To allow an external client to talk to a service on 192.168.13.100:1234, I set up a prerouting DNAT rule in nftables to forward traffic from 192.168.0.1:1234 to 192.168.13.100:1234. To my surprise, the host itself couldn't access 192.168.0.1:1234.

It turned out there were two issues:

  1. DNAT in the prerouting chain doesn't apply to loopback traffic from the host itself.
  2. Masquerade and SNAT also didn't work, likely because the kernel has a short-circuit mechanism for local traffic, so the transport happens at Layer 2.

Because of this, the service at 192.168.13.100 would send reply packets to 192.168.0.1 instead of 192.168.13.1. The packet would still be received on veth0-host, but my firewall would complain that this violates the "strong host model".

I didn't have this issue before, probably because port forwarding was handled at Layer 3 by slirp4netns. This seems to be a "hairpin NAT" issue, but it's more complicated with a veth pair.

In the end, I just configured the host to talk to the container at 192.168.13.100 directly.

File Permissions

Because I'm using --userns=auto, the :U flag is almost a must when mounting volumes. Surprisingly, this didn't cause too many problems as long as I set up the correct user and group.

Sometimes a container needs to access files on the host. If a group HOST_GID has access to a file, we can grant access to the container's primary user with --userns=auto:gidmapping=$CONTAINER_GID:$HOST_GID:1 --group-add $CONTAINER_GID. Here, CONTAINER_GID is an unused GID inside the container.

However, this only works well with the default crun runtime. With gVisor, I found two problems:

First, the permission only works if CONTAINER_GID is the primary group of the container's main user.
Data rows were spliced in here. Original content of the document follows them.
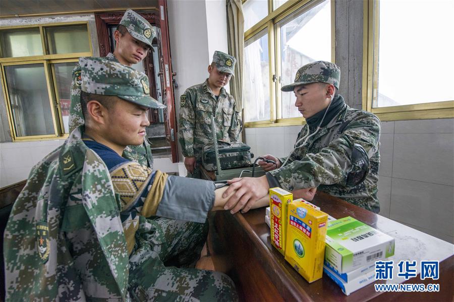 西藏軍區(qū)邊防某團軍醫(yī)張宏(右)到海拔4687米的卓拉哨所為官兵檢查身體(2016年5月8日攝)。 新華社發(fā)(羅凱 攝)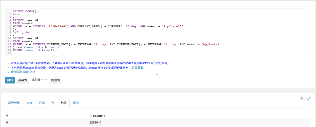 SELECT COUNT(1)from(SELECT user_idFROM eventsWHERE date BETWEEN '2018-01-01' AND CURRENT_DATE() - INTERVAL '2' day AND event = 'AppInstall')aleft join(SELECT user_idFROM eventsWHERE date BETWEEN CURRENT_DATE() - INTERVAL '1' day AND CURRENT_DATE() - INTERVAL '1' day AND event = 'AppInstall')b on a.user_id = b.user_idWHERE b.user_id is null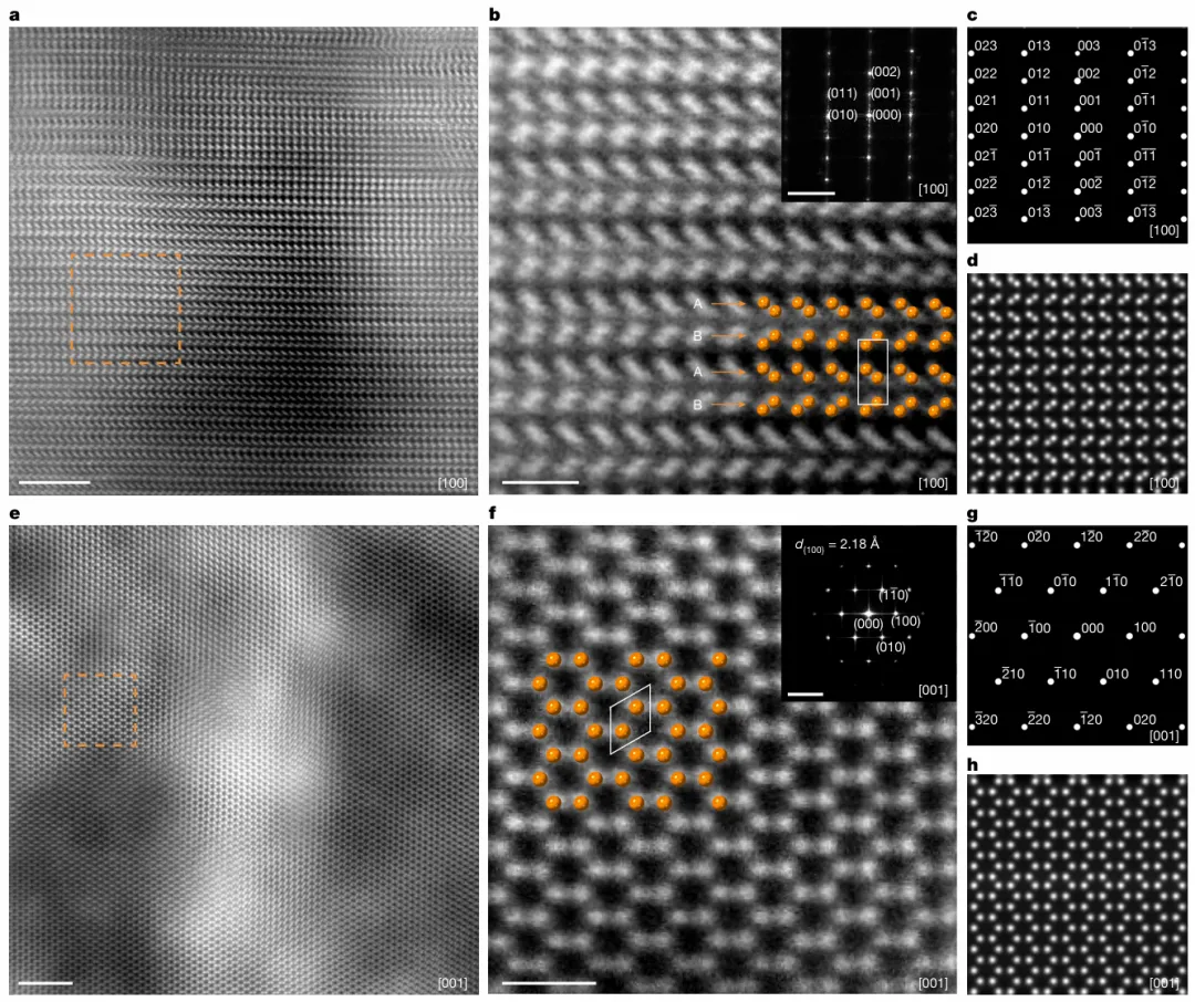 研究团队用球差校正扫描透射电镜(ADF-STEM)直接观察了材料内部。结果令人震撼: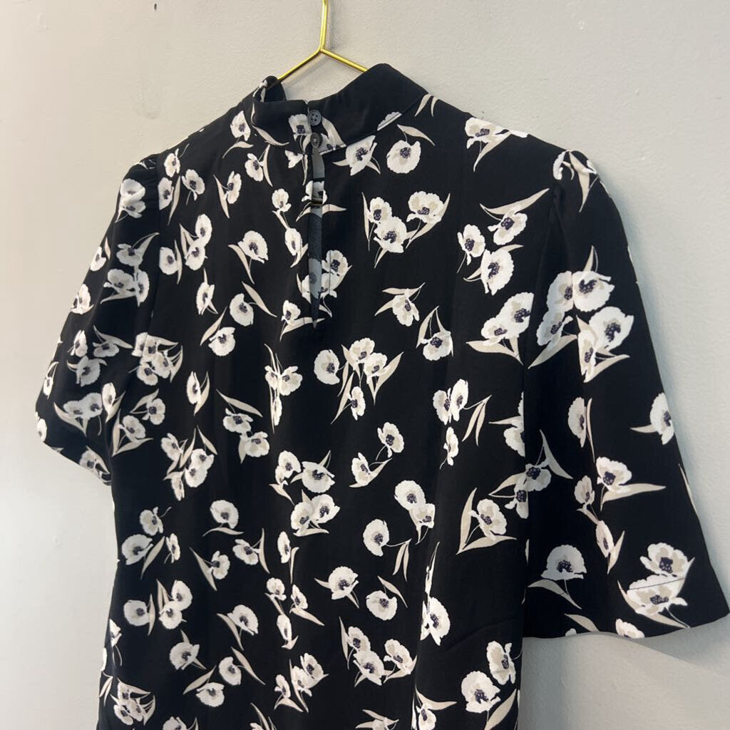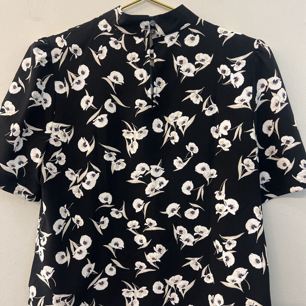 Ann Taylor Black/ White Flower Print Short Sleeve Mock Neck Top Small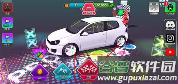 1、启动项目漂移2.0最新版本,进入游戏后点击屏幕中央的开始按钮;

It doesn't work if it's a supplementary group.

Second, gVisor does not seem to support POSIX ACL. This means the dac_override capability is needed if the CONTAINER_GID doesn't appear to have permission according to standard Unix permissions.

It's not too bad in practice, but it was surprising until I figured out what was going on.

Default DNS Server

Docker provides a DNS server at 127.0.0.11 for each container. Podman, however, creates a dedicated DNS server for each bridge network. Some of my containers relied on the Docker behavior and had this IP address hard-coded, which caused quite a bit of trouble.

DNS Servers for Multiple Networks

If a container joins both an internal bridge network and an external macvlan network, the container only sees the DNS server from the bridge network. IP routing still works, meaning the container can access the internet by IP, but it can't resolve external domains.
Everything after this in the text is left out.